As indicated in the comparative results table, LSTM consistently outperformed the other models evaluated in the study. Consequently, LSTM was selected for predicting stock prices of additional companies, including HDFC Bank, SBI, and TCS.

Figure image

Sentiment analysis using news headlines was conducted as the next phase of the exercise. Polarity scores for daily news, including Positive, Negative, Neutral, and Compound values, were computed using a Sentiment Intensity Analyzer. Initial results showed higher RMSE values than expected, indicating limited predictive effectiveness.

Further model refinement was carried out by incorporating additional macroeconomic parameters such as gold prices, Brent crude prices, government securities yields, and the USD–INR exchange rate. The inclusion of these features led to a notable improvement in prediction accuracy, with RMSE values becoming comparable to those achieved by the LSTM model.

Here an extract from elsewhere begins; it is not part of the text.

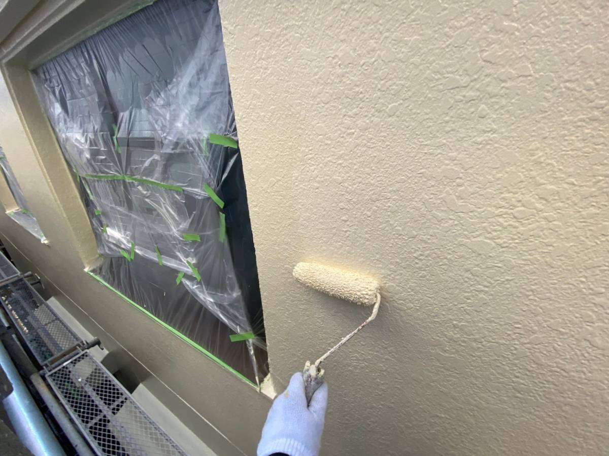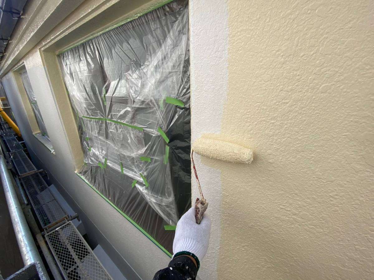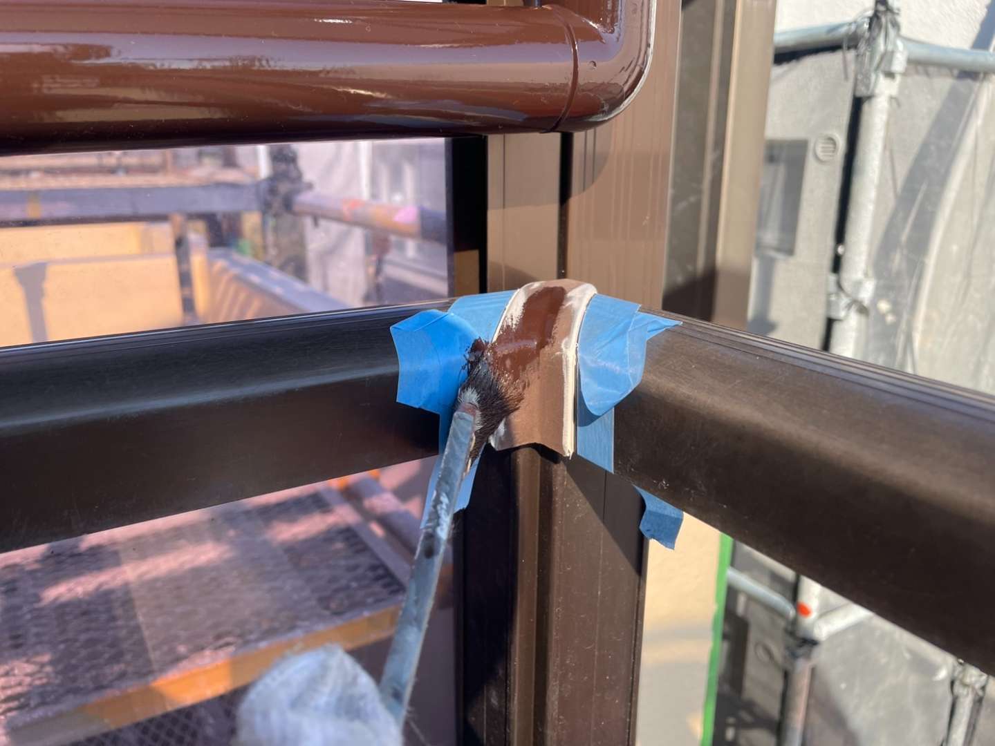 名古屋市名東区のYマンション様の昨日の作業内容は、南西面の付帯部上塗り1回目・2回目塗装・屋根の上塗り塗装・東面の外壁中塗り、上塗り塗装・手摺りの補修作業を行っていました。

Based on these observations, the final solution for sentiment-based prediction employed the Random Forest Regressor augmented with selected macroeconomic parameters.

III. Model Evaluation
3.1 LSTM Model
Figure image

The purpose of this study has been to devise trading strategies based on stock price predictions, so regression analysis has been used to arrive at future stock price. LSTM has been the most successful in price prediction among the models we have tried. LSTM or Long Short-Term Memory Recurrent Neural Network belongs to the family of deep learning algorithms which works on the feedback connections in its architecture.

It has an advantage over traditional neural networks due to its capability to process entire sequence of data. Its architecture comprises the cell, input gate, output gate, and forget gate. Data pre-processing is an important step in LSTM. Scaling of data is a process which is advisable with most models, thus LSTM also requires processing in the form of scaling.

Since LSTM works on sequences using them as the base for prediction of a single value, a matrix needs to be created from the date-wise train dataset available. The train data fed into the LSTM consists of a multi-dimensional array consisting of various instances of the dependent variable and the corresponding linked independent variable, which in our case is an array consisting of historical close prices. This period is referred to as the sliding window.

Various ranges of 5 days to 250 days were tried for the sliding window to ascertain the best fit for the model under consideration. As part of model building, various variations of the model were tried including the addition of Dense and Dropout layers. Hyperparameter tuning was also carried out by comparing errors across different runs. Batch normalization was also attempted but did not yield any significant improvement in results.

Besides parameter tuning, a bidirectional variation of LSTM was also attempted to achieve better results. As a result of the entire model-building exercise, a sliding historical window of 60 days gave the best results among the range covered.

Two LSTM layers with 128 and 64 neurons respectively, followed by two dense layers of 25 and 1 neuron, constituted the final model that delivered the best performance among various model variations.

Since this is a regression model, standard features such as accuracy percentage could not be used. Therefore, RMSE was used as the quantifying parameter for evaluating the success of the models being tested.

3.2 Random Forest – Sentiment Analysis
Figure image

The aim of this study has been to use sentiment analysis for the prediction of stock prices. One of the challenges with LSTM is the usage of a single parameter for model building. Since LSTM could not be used for sentiment analysis, the exercise was divided into two major parts: daily sentiment collection and analysis, and model building for prediction.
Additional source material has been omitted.